Take the recent blowup inside the Democratic caucus over a Feingold proposal demanding Iraq troop withdrawals. Massachusetts Sen. John F. Kerry was miffed at the preference given Feingold while freshmen like Missouri Sen. Claire McCaskill complained loudly that the party was heading down the wrong path going into November.

“This was a helluva epiphany,” said one senior Democratic senator. All the dogs came out: the party’s grumbling old guard; the younger, liberal Feingold and MoveOn.Org factions allied with Reid’s deputy, Illinois Sen. Richard J. Durbin; and a freshman class that can be aggressive on domestic issues such s trade or GI education benefits but is not as quick to press for troop withdrawals.

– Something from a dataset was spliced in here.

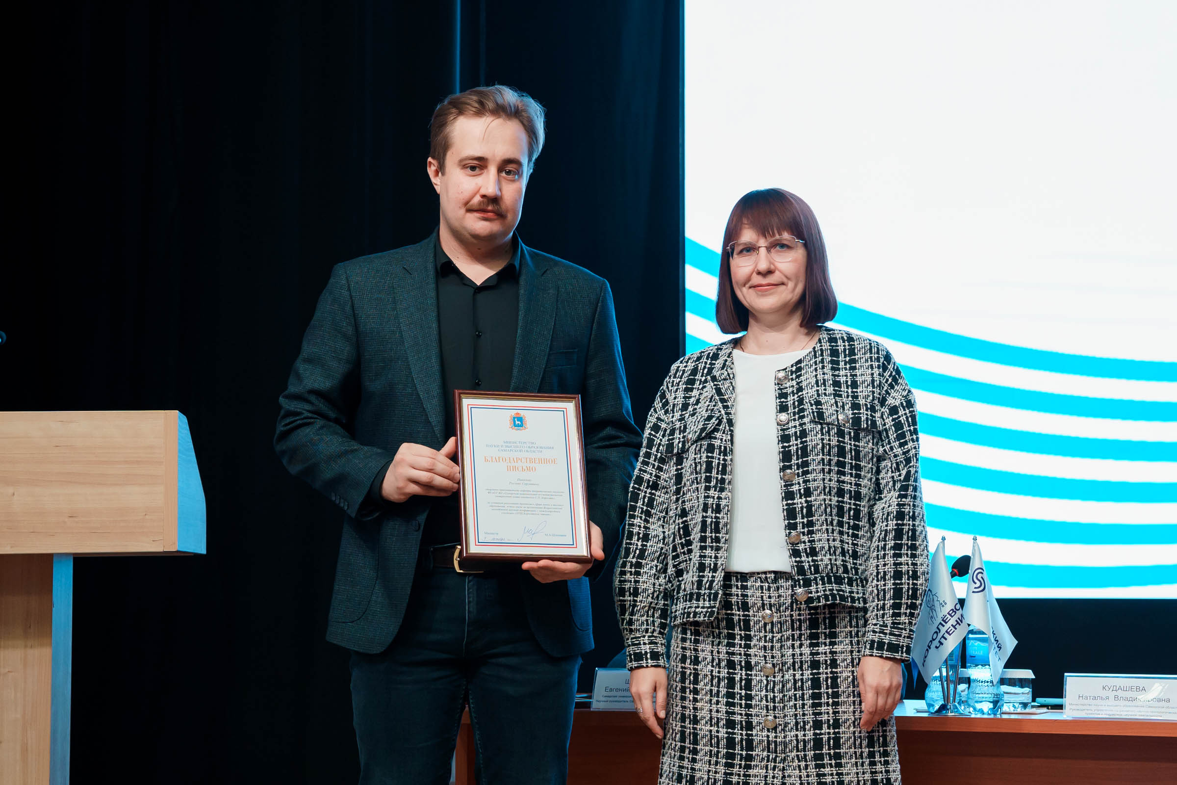 Руководитель управления Минобрнауки Самарской области Наталья Кудашева вручила благодарственные письма трем молодым сотрудникам Самарского университета им. Королёва: директору Центра проектного развития и обучения Марии Клёвиной, старшему преподавателю кафедры теоретической механики Руслану Пикалову и инженеру-конструктору Инжинирингового центра Даниилу Искворину. Этой награды они удостоены за успешную реализацию проектов в сфере науки и высшего образования.

And then, of course, there was McConnell, who used the Feingold proposal to tie Democrats in knots on the floor and buy his party time on a key domestic issue: the housing mortgage crisis.

Despite outward tensions, the Reid-McConnell relationship is free of the personal animus that characterized Reid’s dealings with former Majority Leader Bill Frist. But the one-time Vegas trial lawyer and stolid former county judge from Kentucky make an odd couple.

The frustration shows in Reid’s voice as he describes recent bargaining over housing legislation. Reid offered each party five amendments but asked that they focus on housing — not making the president’s tax cuts permanent, for example. Instead, Republicans crafted an alternative bill that includes not only permanent tax cuts but also tort legislation, something guaranteed to rile Reid.

“This is the most damned thing I have ever seen,” he said. Going back to the often impassive McConnell offered no relief. “He doesn’t talk,” Reid says with exasperation. “He’ll say ‘I have to meet with my leadership,’ or ‘we’ll see.’ He doesn’t talk.”

“I share information when I want to, and I don’t when I don’t,” McConnell says in response. “He has the toughest job in Washington.”